Chapter 4. Continuous availability and manageability 105
CRC
The bus transferring data between the processor and the memory uses CRC error
detection with a failed operation retry mechanism and the ability to retune bus parameters
dynamically when a fault occurs. In addition, the memory bus has spare capacity to
substitute a spare data bit-line that is determined to be faulty.
Chipkill
Chipkill is an enhancement that enables a system to sustain the failure of an entire DRAM
chip. Chipkill spreads the bit lines from a DRAM over multiple ECC words, so that a
catastrophic DRAM failure affects one bit in each word at most.

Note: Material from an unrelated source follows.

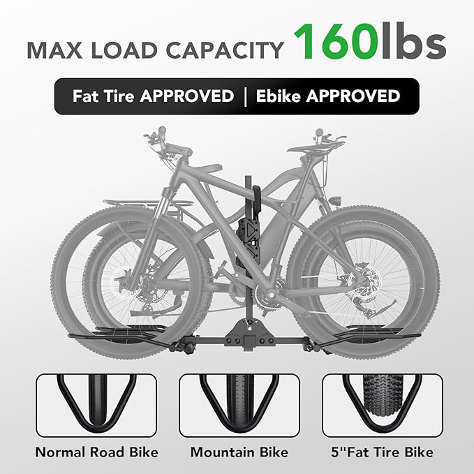 - Durable Construction: Constructed with high-strength materials to support a total load of up to 160 lbs. Compatible with tires up to 5 inches wide, suitable for e-bikes and fat tire bikes.

The system can continue
indefinitely in this state with no performance degradation until the failed DIMM can be
replaced, assuming no additional single bit errors.
POWER7 memory subsystem
The POWER7 chip contains two memory controllers with four channels per memory
controller. The implementation on the PS701 and PS702 uses a single memory controller per
processor chip and four advanced memory buffer chips. Each memory buffer chip connects to
four memory DIMMs, 16 total per processor chip. The PS700 is similar, though it only uses
two memory buffer chips connecting to a total of eight DIMMs.
The bus transferring data between the processor and the memory uses CRC error detection
with a failed operation retry mechanism and the ability to retune bus parameters dynamically
when a fault occurs. In addition, the memory bus has spare capacity to substitute a spare
data bit-line for which is determined to be faulty.